Mitophagy is the selective degradation of mitochondria by autophagy. It is triggered by defective mitochondria following damage or oxidative stress. Mitophagy prevents cellular degeneration caused by accumulation of dysfunctional mitochondria. NIX and its regulator BNIP3 mediate mitophagy in mammals as well as PINK1 and parkin proteins. The occurrence of mitophagy is not limited to the damaged mitochondria but also involves undamaged ones.

Microautophagy, involves the direct engulfment of cytoplasmic material and organelles, such as the peroxisome and the nucleus into the lysosome. This occurs by invagination, meaning the inward folding of the lysosomal membrane, or cellular protrusion.

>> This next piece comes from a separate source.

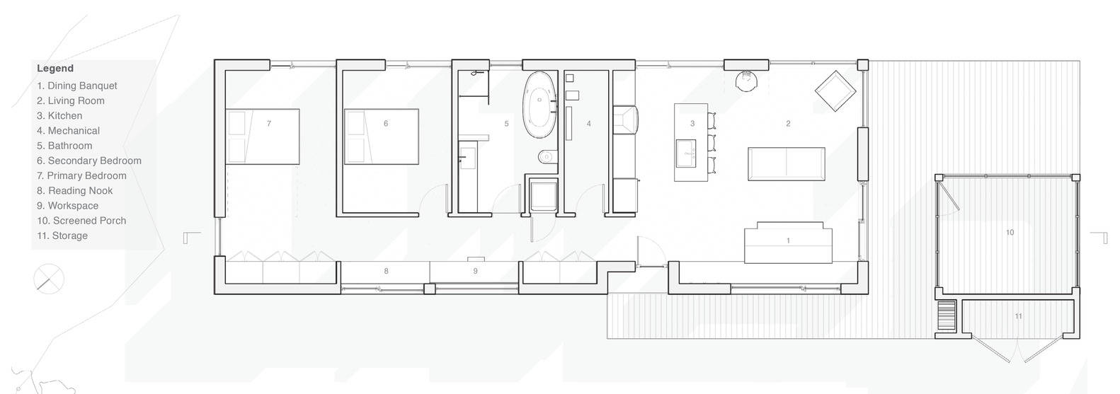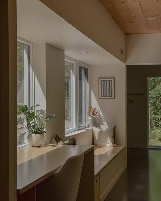 设计理念与空间布局:项目的精髓在于其简洁而优雅的设计语言。建筑师摒弃了过度的装饰,强调空间的功能性和与自然的联系。开放式厨房和浴室等核心空间的设计都充分考虑了采光和景观视野,增强了室内与室外的互动。麦克唐纳的设计理念受到他在麦吉尔大学和滑铁卢大学教育背景的影响,专注于可持续建筑和创造温馨空间。所用材料的选择也体现了环保理念,与周围环境相协调。小屋的空间布局旨在为住客提供一个放松身心的场所,无论是炉火旁的小憩,还是在自然背景下阅读,都体现了对生活品质的追求。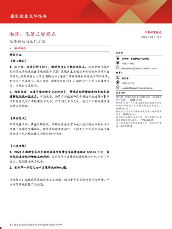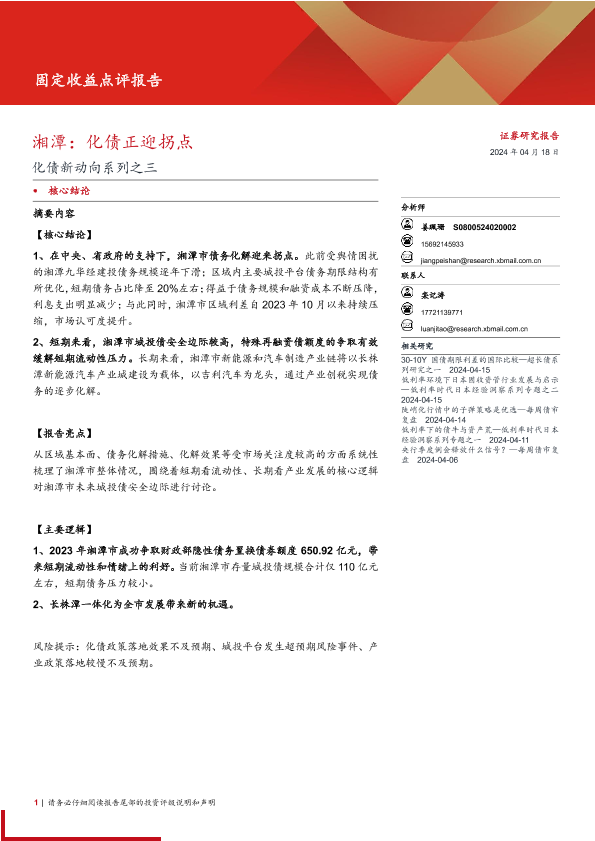 【西部证券】【20240418】化债新动向系列之三-湘潭:化债正迎拐点-10页

Chaperone-mediated autophagy differs from the other autophagic pathways as it does not involve vesicle formation but, rather, a direct translocation of a specific set of proteins across the lysosomal membrane. The cytosolic chaperone hsc70, plays a major role in target recognition and transport to the lysosom. Targeted proteins must have an amino acid sequence a with pentapeptide motif biochemically related to KFERQ in order to be bound by hsc70.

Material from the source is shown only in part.